The reason Thames Water is not in special administration is that, officially, it is unable, or unlikely to be able, to pay its debts. You do not need a GCSE in business to know that if a company currently has £16 billion of debt and £1.2 billion of cash flows, it is unlikely to be able to pay its debts. I believe that our Government are running scared. They are worried about being sued by big bad American vulture investors, and that is why they are not putting Thames Water into the special administration regime—a regime that was explicitly set up for exactly this purpose. I say to the Government, “Please, do not let Ofwat approve a price rise for Thames Water. Put the company into special administration and start to deal with the problems, because we will not be able to deal with them until we deal with the financials.”
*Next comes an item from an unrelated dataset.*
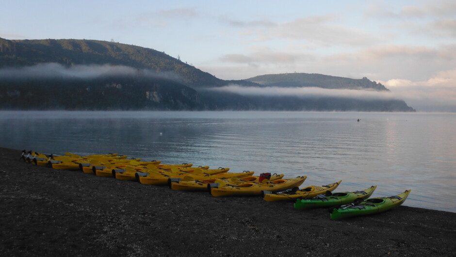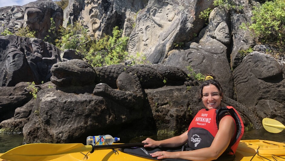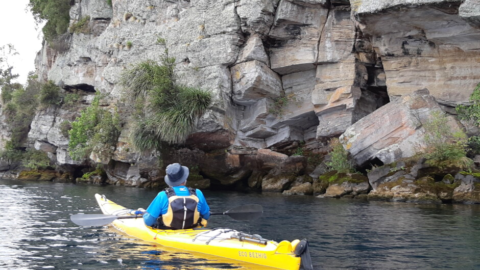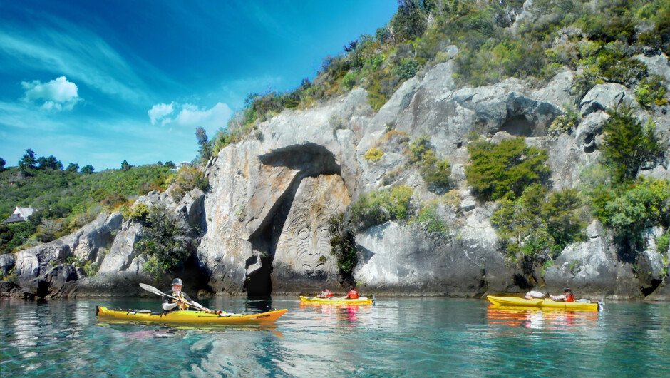 We'll begin our adventure in the sheltered waters of Acacia Bay. We paddle below native bush, pass steep cliffs and inlets that can only harbour a kayak, then prepare to be wowed by the Maori Rock Carvings towering high at Mine Bay.

I have one minute and 17 seconds in which to ask the Government to steal some of these ideas. Yes, they should reform the three regulators, by putting them all together. In respect of clauses 10 and 11, why should consumers pay for financial losses following Government financial assistance? Why should not creditors and shareholders pay for those losses? It seems pretty weird to me. Pollution baselines should be established for each catchment; we should get that straight. Environment Agency permits for individual sewage treatment works should be reset. The capacity for each STW should be established, and the agency’s Environment Agency 3.0 multiplier should be applied to every one of them. There should also be volumetric flow meters, for which clause 3 does not provide—we are not getting them. I invite Members to read clause 3 themselves. We are getting event duration monitors but not flow meters, and that means we are back in the same place where we have been for the last 14 years. We need flow meters, so please can we insist on that? Finally, we need to haircut the debt: we need to get that £20 billion down to £5 billion. That should be the key focus, because then we will be back on a stable footing and able to invest as we need to.